__WHAT YOU HAVE TO DO__: A verbatim reproduction of the following listing is required; omit the pictures.
*** Opening of INFORMATION SHOWN ***
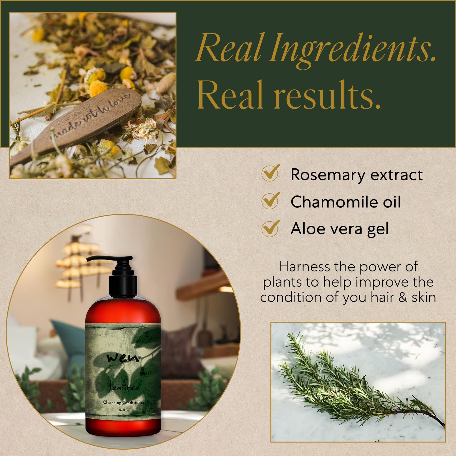 Details: WEN Tea Tree Cleansing Conditioner cleanses hair thoroughly but without lathering and all the harsh chemicals that may be found in ordinary shampoos. Your hair is left with sheen, moisture, and manageability.
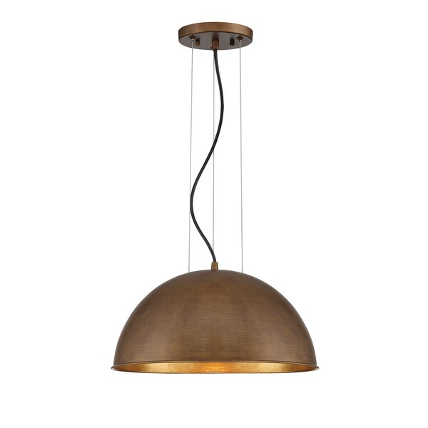 Spherical and sophisticated! The Sommerton pendant has streamlined, understated style that blends well with transitional, contemporary, industrial-inspired, eclectic, and modern farmhouse decor. The single, large, half-globe shade has a textural, rubbed zinc finish all over the outside of the fixture, and a wonderful, silver leaf finish on the inside. Within the shade, one 60W, E-style bulb provides plenty of illumination, reflecting off the silver leaf. This pendant is 16? wide and 10? high, with a 10 to 130? adjustable hanging height. It makes a bold design statement, with an uncluttered style that sets a serene mood ?perfect for your dining room, kitchen, family room, foyer, living room, office, bedroom, stairway, or great room.
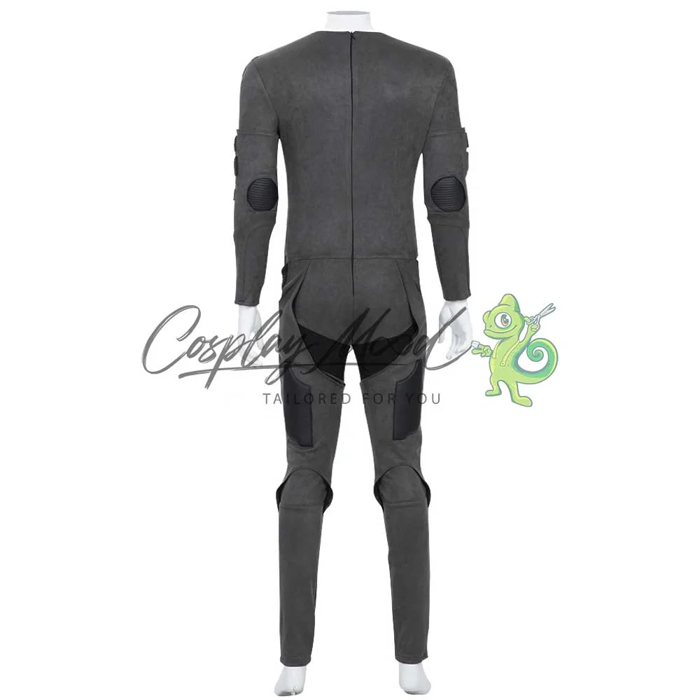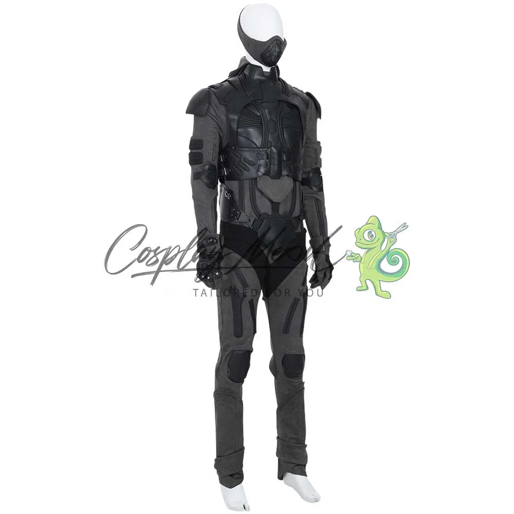 Tuta grigia con rinforzi e rilievi in varie zone del corpo, pettorina nera rinforzata, cintura occhiellata e rinforzata sempre di colore nero, guanti rinforzati stile motociclista, spalline nere, passamontagna grigio, maschera nera con fascia grigia e copri braccia.
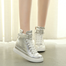 2016年秋冬季高帮内增高休闲鞋女韩版系带坡跟学生鞋金银色女鞋潮
*** Close of INFORMATION SHOWN ***
__SOLVED EXERCISE__:
 Details: WEN Tea Tree Cleansing Conditioner cleanses hair thoroughly but without lathering and all the harsh chemicals that may be found in ordinary shampoos. Your hair is left with sheen, moisture, and manageability.
 Spherical and sophisticated! The Sommerton pendant has streamlined, understated style that blends well with transitional, contemporary, industrial-inspired, eclectic, and modern farmhouse decor. The single, large, half-globe shade has a textural, rubbed zinc finish all over the outside of the fixture, and a wonderful, silver leaf finish on the inside. Within the shade, one 60W, E-style bulb provides plenty of illumination, reflecting off the silver leaf. This pendant is 16? wide and 10? high, with a 10 to 130? adjustable hanging height. It makes a bold design statement, with an uncluttered style that sets a serene mood ?perfect for your dining room, kitchen, family room, foyer, living room, office, bedroom, stairway, or great room.
 Tuta grigia con rinforzi e rilievi in varie zone del corpo, pettorina nera rinforzata, cintura occhiellata e rinforzata sempre di colore nero, guanti rinforzati stile motociclista, spalline nere, passamontagna grigio, maschera nera con fascia grigia e copri braccia.
 2016年秋冬季高帮内增高休闲鞋女韩版系带坡跟学生鞋金银色女鞋潮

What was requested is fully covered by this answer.